Le fait que les conditions des travailleurs et travailleuses – qui, après tout, constituent l’écrasante majorité de la population mondiale – continuent de se détériorer est cohérent avec d’autres tendances économiques. Environ 20 000 milliards de dollars (18 700 milliards d’euros) ont été distribués pour soutenir les marchés financiers depuis la crise économique de 2008. Cinq des plus grandes banques centrales du monde – la Réserve fédérale américaine, la Banque centrale européenne, la Banque du Japon, la Banque d’Angleterre et la Banque du Canada – ont distribué environ 10 000 milliards de dollars pour soutenir artificiellement les marchés financiers au cours des deux premières années de la pandémie de Covid. Cela en plus des 9360 milliards de dollars qui ont été dépensés pour soutenir les marchés financiers dans les années qui ont suivi la débâcle de l’économie internationale en 2008.

Nous pourrions citer la cupidité des entreprises qui a entretenu la pandémie de Covid-19. En effet, cette cupidité a été facilitée par la plupart des gouvernements du monde qui n’ont ainsi pas donné la priorité aux soins de santé publique, en privilégiant la finance, comme l’illustre l’incapacité persistante à mettre des vaccins à la disposition des pays du Sud. L’Union européenne, avec son refus obstiné de déroger aux règles de propriété intellectuelle par allégeance aux fabricants de vaccins Covid-19 [et aux grands de la pharma], a été le plus grand frein. Le maintien des droits de propriété intellectuelle a été jugé plus important que la vie humaine. Nous pourrions également citer ce que l’on appelle les «partenariats public-privé», dans lesquels les gouvernements vendent les infrastructures publiques à un prix inférieur à leur coût à des entreprises, qui augmentent ensuite les coûts, réduisent les services et suppriment des emplois dans le but de réaliser des profits astronomiques. [Voir les études de Brett Christophers, Université d’Uppsala, sur le rôle des fonds d’investissement – tels que BlackRock, Blackstone, Amundi et AXA Investement Managers, en Europe – concernant le contrôle croissant des infrastructures telles que routes, parcs éoliens, réseaux d’eau, logements, électricité, santé, éducation. Voir son entretien avec Jean-Christophe Catalon publié sur le site d’Alternatives Economiques, le 30 septembre 2023.]

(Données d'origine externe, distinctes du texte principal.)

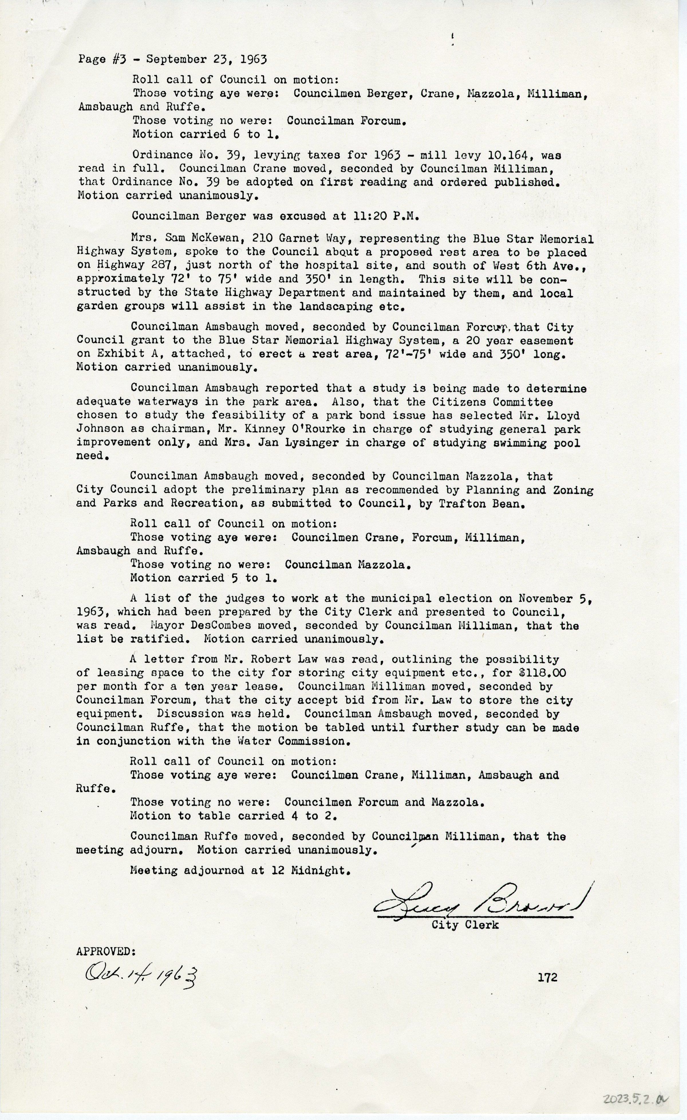 Document series (20 pages) describing the proposal, resolution, easement, dedication, and rededication of the Blue Star Memorial Park at Hwy. 287 and 6th Street. Dates from September 23, 1963 to 1981.Lexicon

La nature unilatérale de la lutte des classes est encore illustrée par la «solution» de la Banque mondiale (voir l’article publié sur le site Systemic Disorder, le 1er février 2023) face à la détérioration des salaires et des conditions de travail: appeler à un nouvel abaissement des normes de travail parce que les réglementations actuelles sont «excessives». En d’autres termes, il s’agit de travailler jusqu’à ce que vous vous écrouliez! Donc on attendra de vous que vous travailliez plus longtemps jusqu’à ce que vous vous écrouliez, puisque les réglementations sur les heures de travail excessives sont fréquemment enfreintes; en conséquence, les salarié·e·s sont contraints de travailler plus d’heures, soit par crainte de perdre leur emploi s’ils refusent, soit pour survivre, car les salaires ne cessent de baisser par rapport à l’inflation et au coût de la vie. Et ce coût de la vie est particulièrement sujet à des augmentations car le coût du logement monte en flèche, augmentant bien plus vite que l’inflation et les salaires dans tous les pays du monde.

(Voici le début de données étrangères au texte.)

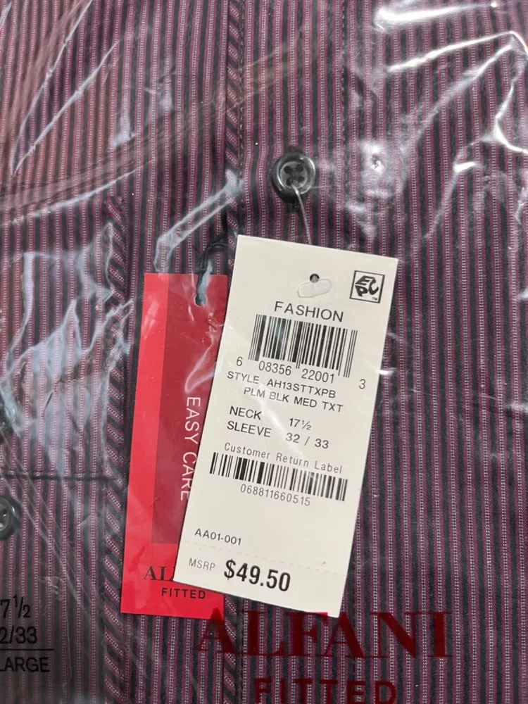 Department: Men Color: plum /black Size: 17.5 Size Type: Regular Brand: Alfani Neck Size: 17.5 Sleeve Length: long sleeve 32/33 Type: Dress Shirt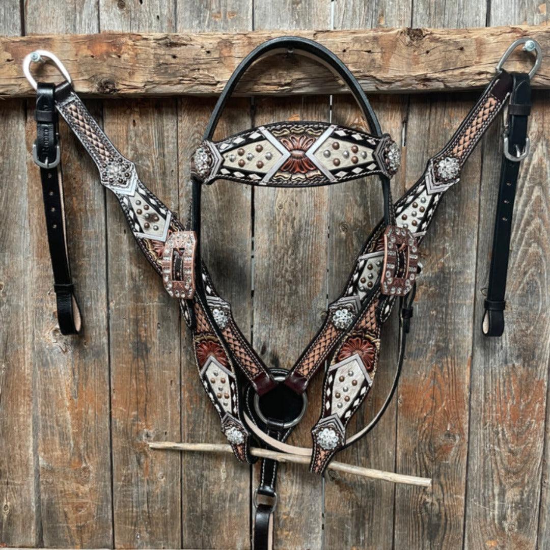 Silver Buckstitch Flower Browband Headstall & Breastcollar Set #BBBC405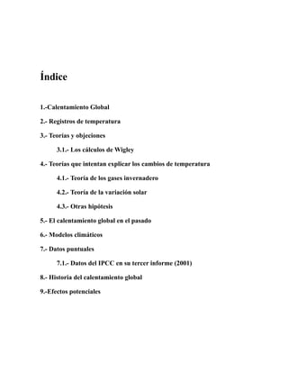 Este documento trata sobre el calentamiento global. Explica que el calentamiento global se refiere tanto al aumento observado de las temperaturas en las últimas décadas como a las teorías que predicen mayores temperaturas futuras. Explora las teorías sobre las causas del calentamiento, como los gases de efecto invernadero y la variación solar, así como los modelos climáticos, registros de temperatura e impactos potenciales del cambio climático. Finalmente, discute las objeciones y controversias en torno a las causas antropogénic

Combien de temps faudra-t-il avant que les travailleurs du monde entier s’unissent et se défendent dans ce qui est une guerre unilatérale depuis un demi-siècle? (Article publié sur le site Counterpunch le 1er octobre 2023; traduction rédaction A l’Encontre)

Pete Dolack anime le blog Systemic Disorder. Il a publié entre autres It’s Not Over: Learning From the Socialist Experiment, John Hunt Publishing Ltd, 2015. Il écrit sur des sites tels que ZNet, The Ecologist, Green Social Thought.